更別提還有杜安帶著自己一些老朋友的意外親臨。

整個首映禮沒有什麼特別的紅毯儀式,一群人也沒什麼先後次序,誰來了就直接進場,讓堵在門口的記者們連摁快門都來不及。

柳亭心果然來了,和她相伴而來的是屏光影視的總經理白叢凱,看起來斯文冷靜的男人還有一個身份就是柳亭心的經紀人。

柳大影後一如既往地氣勢逼人,穿著一身黑色的連身衣,外麵搭著金色的披肩,頭發挽在頭頂露出了犀利的眉目,麵對記者們的圍堵她連個眼神都欠奉,幾乎是拽著自己的男伴進了酒店。

在她來了之後之後,記者們幾乎要墊著腳等剩下的人了,一個影後來了,下一個影後還會遠麼?

先到的是荊濤,身後跟著自己的得意門生劉方宇、木微微,他進場之後十幾分鍾,安瀾和封爍聯袂而來。

一個小記者哢嚓哢嚓光顧著拍照了,等到封爍他們連影子都看不見了,他才突然想起了什麼,一拍腦門滿臉的懊悔。

“哎喲我去!活久見啊!這是荊濤和安瀾一起參加了首映禮?”

“廢話。”

有人白了他一眼。

“一起參加了個首映禮怎麼了?前一陣還一起拍電影了呢,你們主編讓你們在娛樂新聞裏麵提了一個字麼?幹咱這一行該說什麼不該說什麼都不懂?一驚一乍淨說些沒用的。”

剛入行沒多久的小記者愣了一下,耷拉著腦袋繼續看向停車進場的位置。

別的記者也都歎了一口氣,沒再說什麼。

所謂“不該說”的,自然是那段舊情。

安瀾和荊濤的往事在幾十年前轟動了全國,當時幾乎所有人都罵他們是不道德的小三和偽君子。轟轟烈烈鬧了一年多,安瀾突然慧劍斬情絲,毅然出國深造。

小報兒記者們跟在她身後拍了整整八年,曆經五六個國家,都沒有拍到她再見荊濤。哪怕荊濤的妻子去世,哪怕終於恢複單身的男人買下全國報紙的頭條向安瀾求婚,哪怕他假裝自己得了精神病,安瀾都不為所動。

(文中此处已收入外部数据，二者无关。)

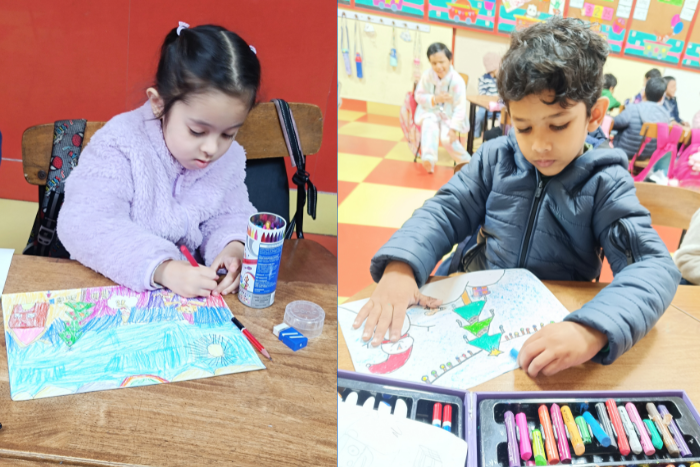 The KG Intra-Class freehand drawing competition was held on Tuesday, 03 February 2026, with the theme ‘Christmas’. The kindergarteners participated enthusiastically, creating vibrant Christmas scenes in their individual styles. They displayed a good sense of proportion and coloured neatly within the outlines. Their bright, colourful, and imaginative artworks were truly a delight to behold.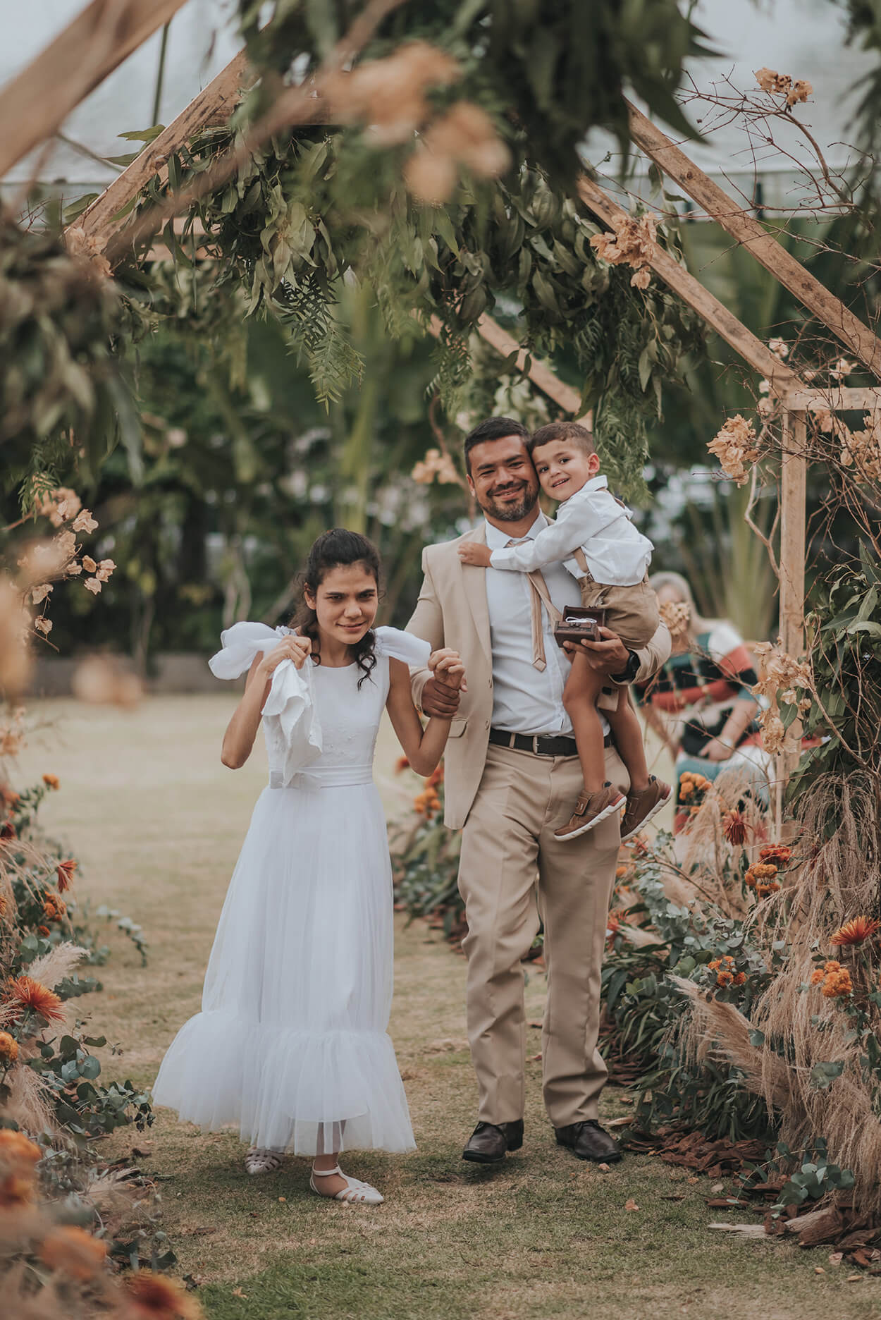 Os irmãos e o sobrinho fizeram a entrada da aliança ainda mais emocionante.

往事隨風而去,徒留歲月裏的唏噓,轉眼間兩個人都已經走進了人生的後半段,當年放縱不羈的荊濤成了一個穩重的影壇前輩,當年高傲又熱情的安瀾成了一個象征著女性優雅和藝術進取的符號。

當年詛咒他們應該終生不幸的人都也老去,隨著時光的變遷他們看著荊濤的癡狂,看著安瀾的冷淡,甚至對他們的結合表示了期待和祝福——這些遲來的善意也都已經過去了。

影帝和影後的愛情早就被時間遺忘,年輕人大多不知道他們的故事,就算偶爾聽聞,也不會往心裏去。

一輛白色商務車滑到了酒店的門前,最先下車的是池遲,溫新平和他的妻子還沒弄明白這輛高級的商務車應該怎麼開門,隻能等著她來解救。

女孩兒笑著把車門打開,像個一位紳士一樣地扶下了陸女士。

作為導演的溫潞寧在首映禮的當天依然沒有出現。

按照陸女士的說法,溫潞寧能有理有據地說服他們自己不來參加首映禮,這就足夠讓他們放心了。他到底來不來,根本不是重要的。

當那顆作為標誌物的光頭出現,在場所有的閃光燈都亮了起來,池遲體貼地用一個帽子遮擋了一下陸女士的臉,對著媒體們歉意地笑了笑:

“我們劇組的財務總監兼後勤主管不是很適應鎂光燈,還要麻煩大家諒解一下。”

記者們挺給麵子地退後幾步,看著她和溫新平一左一右護著陸女士往前走,就好像池遲不是拿了影後的本片主演,溫新平也不是剛創造了投資奇跡的電影製作人,他們保護的那個人,才是整個電影的核心。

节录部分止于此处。